Imagen de la película Lost in translation. |
Díganme que no soy la única persona que, aun camino a casa, cansada y resuelta a dormirse temprano, si recibe una invitación de última hora para alcanzar a un amigo en un lugar que está de paso, accede a saludarlo, eso sí: bajo advertencia de que no se quedará más de media hora. Sólo por cumplir o porque ya estamos cerca o porque ya entrados en gastos...
Anoche volví a hacerlo y debo confesar que viví una experiencia única, plagada de sorpresas. Esas veces en que lo que parece ser la última escala es apenas el comienzo de una noche que se va despojando de sus velos: algo para lo que no estaba preparada, especialmente porque, entre esa veintena de amigos y colegas, yo era, de alguna forma, intrusa.
Tanto mejor.
A medida que las horas transcurrieron, el número de comensales se redujo y la conversación, por decirlo de algún modo, se hizo más íntima, quizá filosófica y profunda, por momentos intensa y beligerante.

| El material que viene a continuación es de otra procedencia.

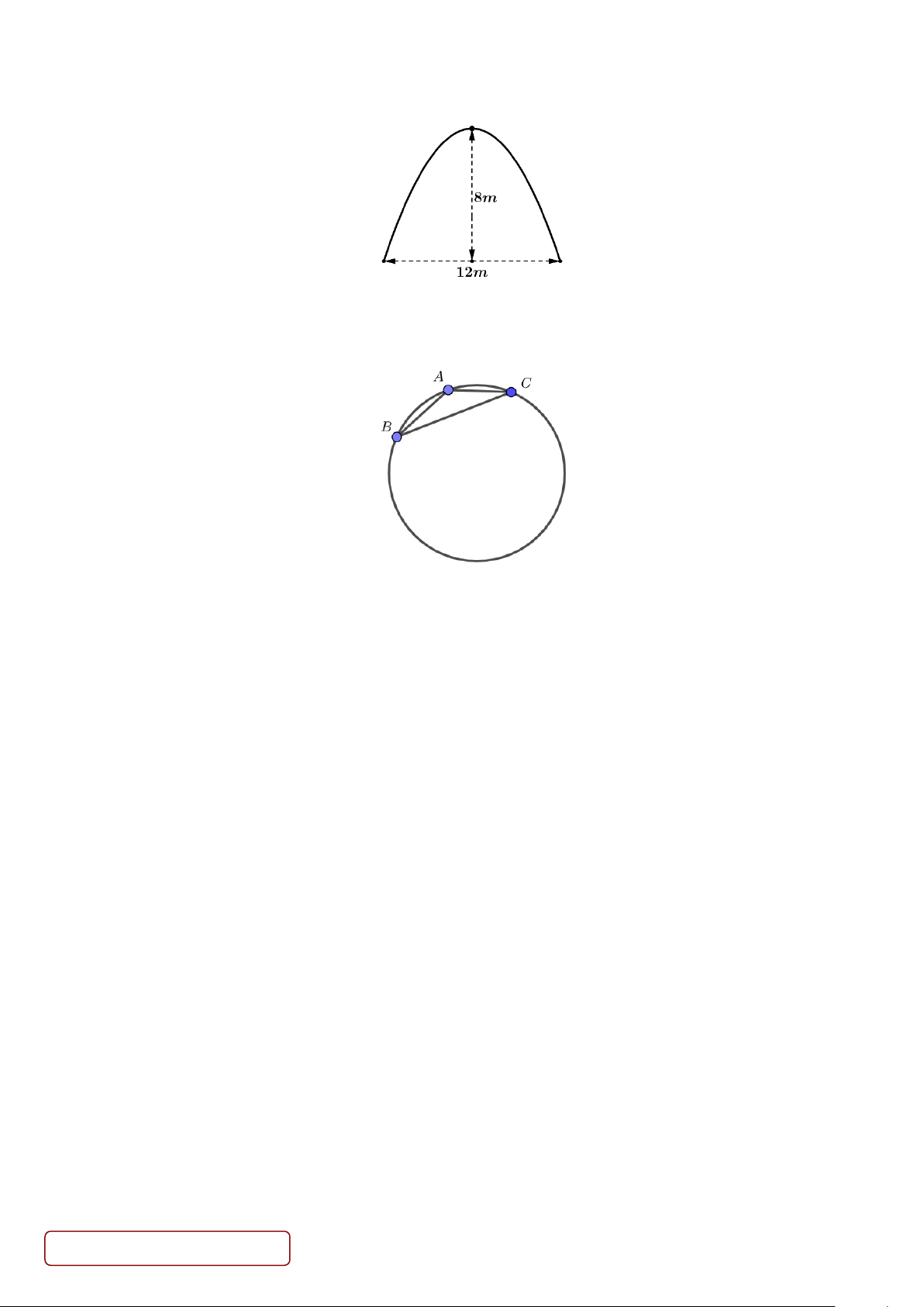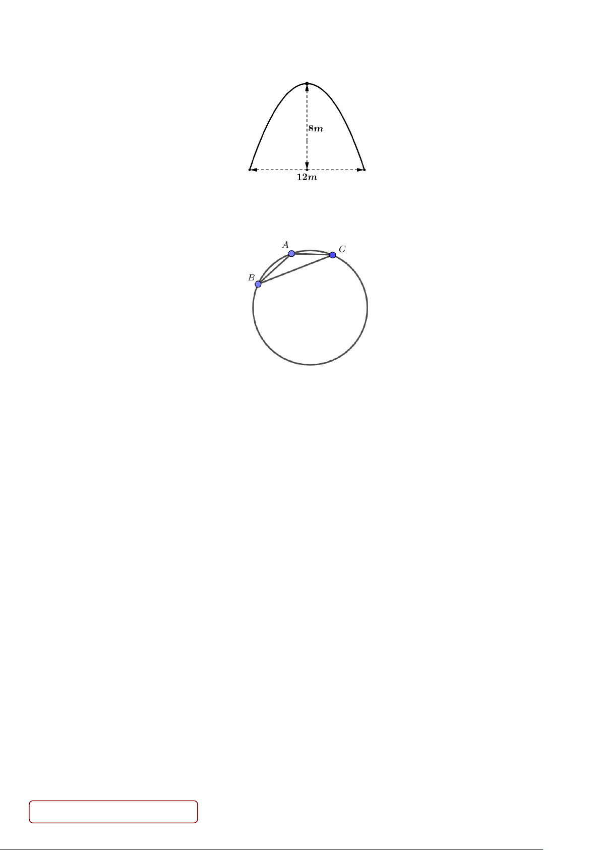 Câu 5. Một hồ nước có dạng hình tròn, người ta tiến hành đo đạc tại ba vị trí A, B, C trên bờ hồ. Kết quả đo

Desde luego, fuimos los últimos en abandonar el lugar y, como suele pasar, alguien propuso continuar la reunión, a unas cuadras, en su casa y para entonces éramos ocho y recorrimos maravillados el townhouse del anfitrión: desde el portón de la entrada: blanco y de tres metros de altura, hasta el indiscreto tragaluz que miraba a la tina de baño del piso de abajo.
Nos instalamos en una de las salas, y a alguno se le ocurrió colocar sobre el suelo una de las botellas vacías y hacerla girar, y de lo más que nos despojamos fue de los suéteres y los zapatos y los calcetines y los relojes y nosotras además de los aretes, las pulseras y los collares, y en eso propuse que también podrían soltarse otro tipo de prendas: algo así como un secreto, un pecado, una confesión, y entre que hacía frío y en realidad nadie buscaba quedarse en cueros, el siguiente señalado por la boca de la botella compartió una dolencia relativa a su pareja anterior y todos intercambiamos apreciaciones y moralejas.
Y, sin necesidad de girar la botella, vaciamos y revelamos, más que anécdotas, aprendizaje, fragilidad, alma, humanidad.
Se supone que yo iba a ''saludar y a cumplir''. Iba por media hora, una hora cuando mucho. Cuando salimos por el alto y blanco portón, ya era de día y estábamos listos para tomar el volante, tal vez con menos riesgos, y quizá al atravesar el umbral nos sentimos un poco más auténticos y, acaso sin esperarlo, un tanto más vivos.